"Do you know, an idea has come to me," said the girl, when Alphonse had taken his station some distance away. The dog now came bursting through some leafless foliage, and stood beside her, receiving her light caresses while the conversation went on.

"If ideas are as uncommon in France as they are elsewhere," said Dick, "you will be famous."

"I shall doubtless be famous some day, but not through this idea. It is not original. The Abbé Raynal and I used to amuse ourselves by means of it, but I knew all the while that he was the Abbé Raynal, and he knew that I was Germaine—mon Dieu, I nearly spoiled all by telling my name!"

"Germaine," repeated Dick. "I shall remember that, at least."

"I give you permission to remember it, only on condition that you promise not to find out who I am, or whose house this is."

"Very well. After all, I like mystery. I promise."

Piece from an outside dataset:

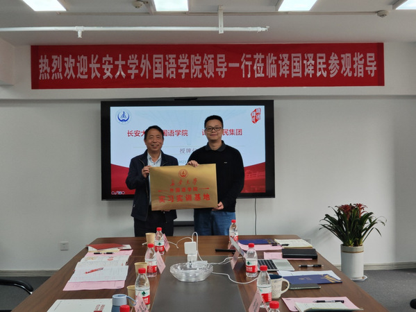 宋春红对译国译民西安公司的热情接待表示感谢,他从办学历史、学科建设、师资队伍、人才培养等方面介绍了外国语学院基本情况。吴强重点介绍了集团的发展历程、核心业务、校企合作等内容,沈海涛从学科建设、教师发展、学生就业三方面进行了详细介绍。英语系、日语系负责人就学生实习实践、教师研修等内容与对方进行了交流并达成合作意向。宋春红肯定了译国译民公司的校企合作模式,他表示开云kaiyun官网外国语学院在人才培养上与译国译民集团业务高度契合,希望双方能够深化合作,尤其在定制化实习、技能证书培训、课程建设、联合申报翻译硕士等方面开展合作,为学院毕业生就业提供更多选择。最后宋春红为学生实习实践基地授牌。

"So much the better. This is the idea. When I was younger, I used to have a little make-believe theatre, with miniature actors that I cut out of paper. The Abbé overheard me one day rehearsing them in a little comedy I had written, and offered to act with me whatever pieces required only two characters. We began with a piece containing a shepherd and a shepherdess, and, from acting that, we went a step farther, and continued to pretend that we were the shepherds, carrying out the illusion without premeditated speech or action. The Abbé had done similar things at Sceaux, in the time of the Duchess du Maine."

"I have read of the French nobility having amused themselves in that way," said Dick.

"Yes, when all the world was reading 'Astrée,' and a hundred years later, when Watteau and the opera brought shepherds into fashion again," replied this youthful prodigy of information. "It was a charming amusement, was it not? But the trouble was, when we attempted it, that no amount of imagination could transform the Abbé, with his 'History of the Two Indies' in mind, into a shepherd. You understand, I knew him so well. But you, of whom I know nothing, and who have come into my view in so strange a manner—"

"More like a river god than like a shepherd," commented Dick.